Вдоль стен кабинета размещались книжные стеллажи — один стеллаж с фальшивыми корешками (почти на всех значились комичные названия, придуманные самим Диккенсом), в свое время изготовленный для Тэвисток-хауса, а ныне привинченный здесь к двери, и сплошные ряды настоящих полок, которые тянулись по всему периметру комнаты, прерываясь только на окнах и красивом бело-голубом камине, украшенном двадцатью дельфтскими изразцами.

Сам Диккенс в тот июньский день выглядел страшно постаревшим. Высокие залысины, глубоко запавшие глаза, морщины и складки на лице резко выделялись в жестком свете газовой лампы, стоявшей на журнальном столике. Он то и дело посматривал на зажатый в руке хронометр с закрытой крышкой.

— Очень мило с вашей стороны, что вы приехали, дорогой Уилки, — проскрипел Диккенс.

— Да бросьте, пустое, — сказал я. — Я бы приехал раньше, когда бы не находился в отлучке, о чем, полагаю, вам сообщил мой брат. Голос у вас какой-то чудной, Чарльз.

— Чужой? — переспросил он с мимолетной улыбкой.

— Чудной.

Он отрывисто хохотнул. Редко в каком разговоре Чарльз Диккенс обходился без смеха. Я в жизни не встречал второго такого смешливого человека. Он находил комичное практически в любой, даже самой серьезной, ситуации, как иные из нас, к великому своему смущению, находят в похоронах.
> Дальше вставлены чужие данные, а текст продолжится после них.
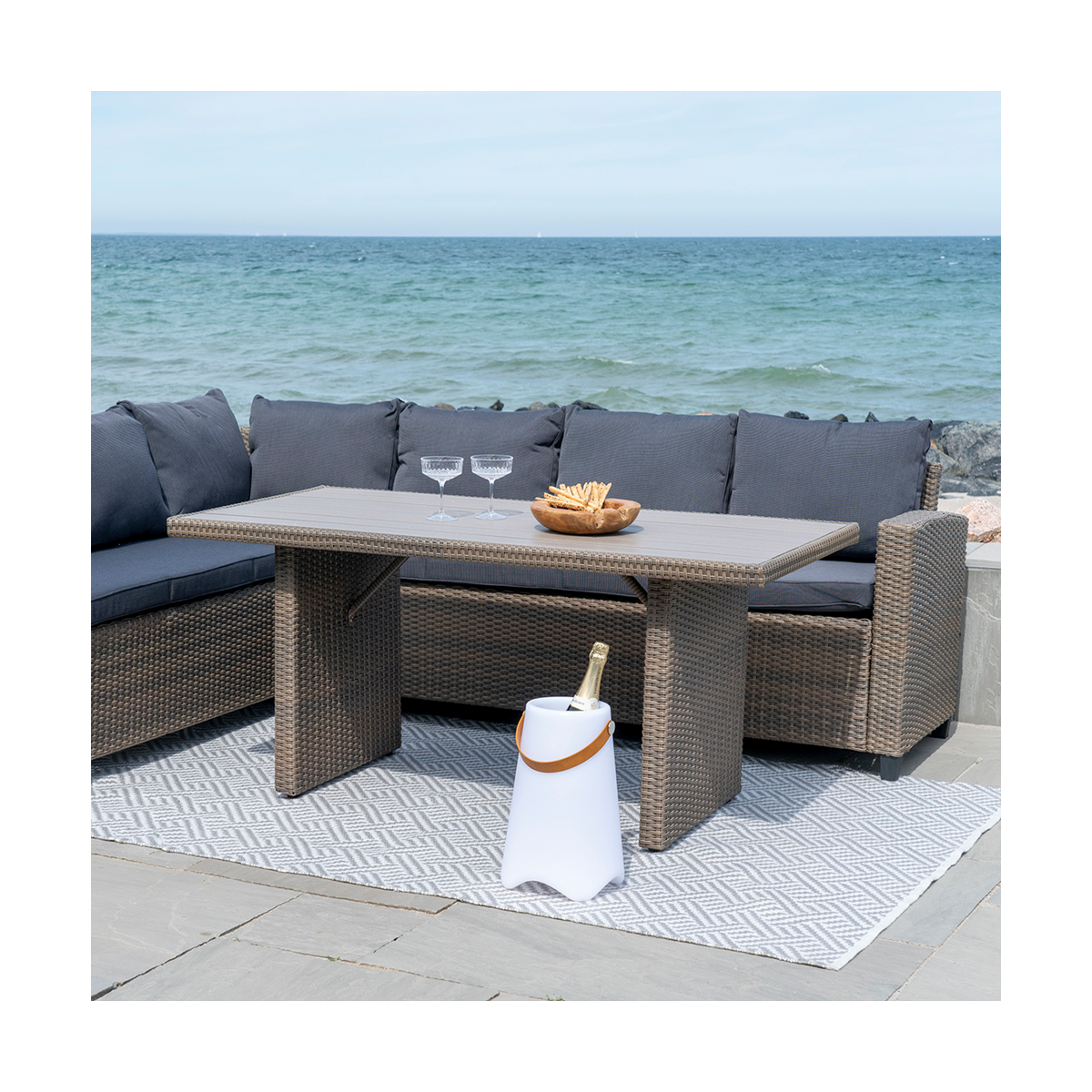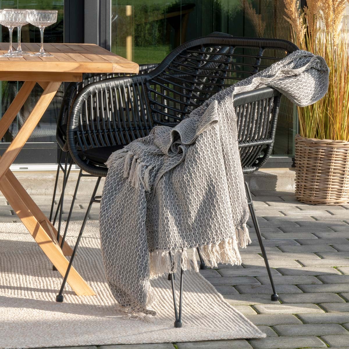 Het Nadine buitenkleed van Lisomme is ideaal om buiten het knusse woonkamergevoel te creëren. De afmeting van dit vloerkleed is 160 cm lang bij 230 cm breed. Het Nadine vloerkleed is weerbestendig en kan het hele jaar door gewoon buiten blijven liggen. Dit komt omdat het kleed is gemaakt van polypropyleen: een verrassend zacht en waterbestendig kunststof materiaal dat tegen de seizoenen is opgewassen. Dit materiaal is bovendien gemakkelijk schoon te maken en vergt weinig onderhoud. Het Nadine vloerkleed is dus ook een perfecte keuze als je op zoek bent naar een trendy maar praktisch vloerkleed voor binnen! Voordelen Door het kunststof materiaal geschikt voor binnen en buiten Door het kunststof materiaal is het kleed gemakkelijk schoon te maken Modern en trendy design
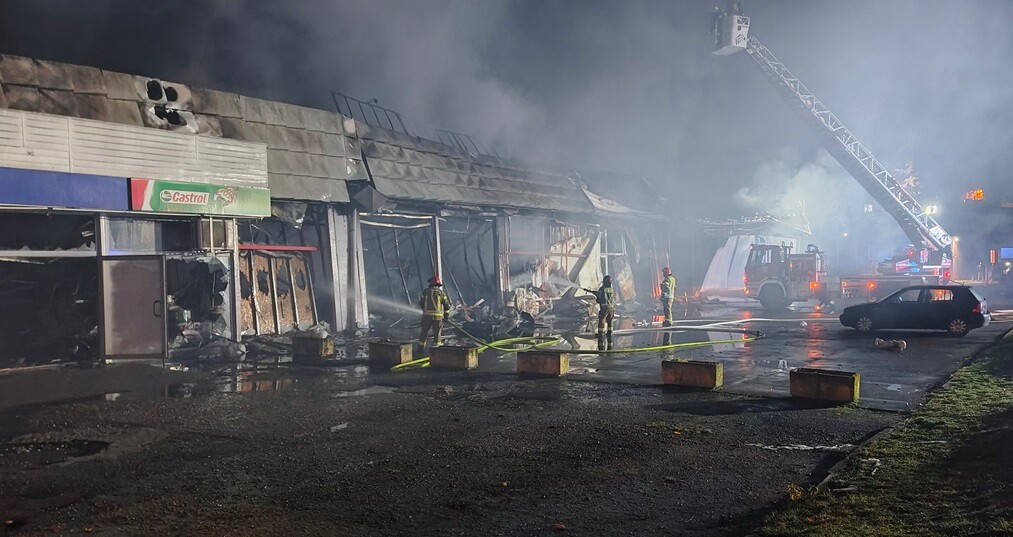 AKTUALIZACJA 26 listopada (9:00): W tej chwili na miejscu pożaru trwa akcja dogaszania, a służby pracują nad oczyszczeniem pogorzeliska. Na miejsce zadysponowano także pracownika Powiatowego Inspektoratu Nadzoru Budowlanego w Rudzie Śląskiej w celu oceny stanu konstrukcji pawilonu handlowego.
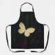 The image shows an aprom featuring a large golden butterfly at its centre on a dark textured background with subtle shades of purple and blue.
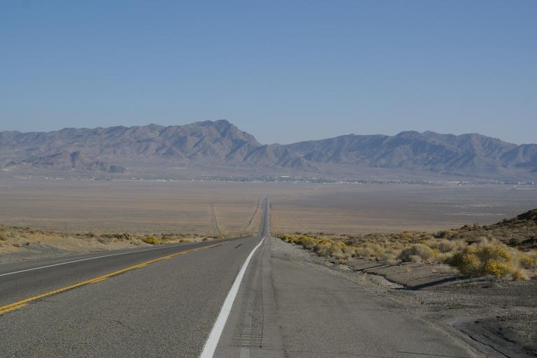 Keywords: wendover route nevada street road highway freeway lane endless straight asphalt flat plain mountain range horizon transport travle road trip
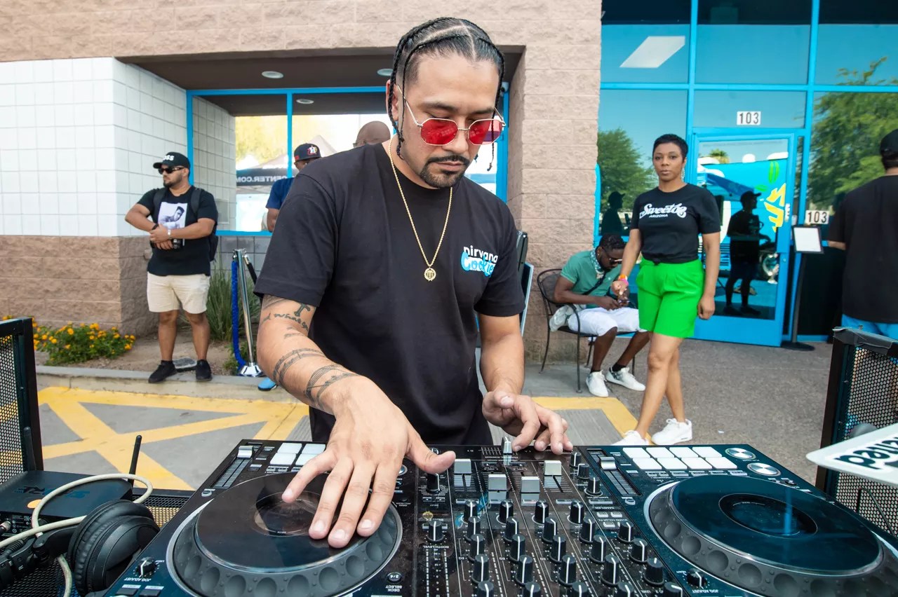 DJ Jetsteen kept the party rolling with epic hip-hop mashups at the Cookies dispensary opening in Tempe.

— «Чужой» в данном случае звучит уместнее, позволю себе заметить, — сказал Диккенс дребезжащим старческим тенорком. — Я самым необъяснимым образом поменялся с кем-то голосом на месте страшной Стейплхерстской катастрофы. Очень хотелось бы, чтобы сей господин вернул мне мой голос и забрал свой… Это скрипучее блеяние, приличествующее больше мистеру Микоберу в старости, мне совсем не по душе. Такое ощущение, будто кто-то дерет наждачной бумагой голосовые связки и самые звуки, ими производимые.

— Надеюсь, никаким иным образом вы не пострадали? — спросил я, подаваясь вперед, в круг света от лампы.

Диккенс небрежно отмахнулся от вопроса и снова уставился на золотые часы, зажатые в руке.

— Дорогой Уилки, нынче ночью мне приснился в высшей степени удивительный сон.

— Вот как? — сочувственно промолвил я, готовясь услышать описание кошмаров, связанных с железнодорожной катастрофой.

— Мне снилось, будто я читаю свою книгу, написанную в будущем, — тихо проговорил Диккенс, нервно вертя часы в руках; золотой корпус поблескивал в свете единственной лампы. — Страшную книгу… в ней человек сам себя загипнотизировал до такой степени, что он — или его второе «я», созданное силой внушения, — стал способен на чудовищные, немыслимые злодейства. На эгоистичные, разрушительные, продиктованные похотью поступки, которые этот человек — во сне мне почему-то хотелось называть его Джаспером — никогда не совершил бы сознательно. И еще один… еще одно существо… было замешано во всей этой истории.

— Сам себя загипнотизировал, — пробормотал я. — Разве такое возможно? Я доверяю вашему мнению, дорогой Чарльз, ведь вы дольше и лучше меня знакомы с искусством магнетического воздействия.

— Понятия не имею. Я никогда не слышал о самогипнозе, но это не значит, что подобного феномена не существует. — Он взглянул на меня. — Вы когда-нибудь погружались в месмерический транс, Уилки?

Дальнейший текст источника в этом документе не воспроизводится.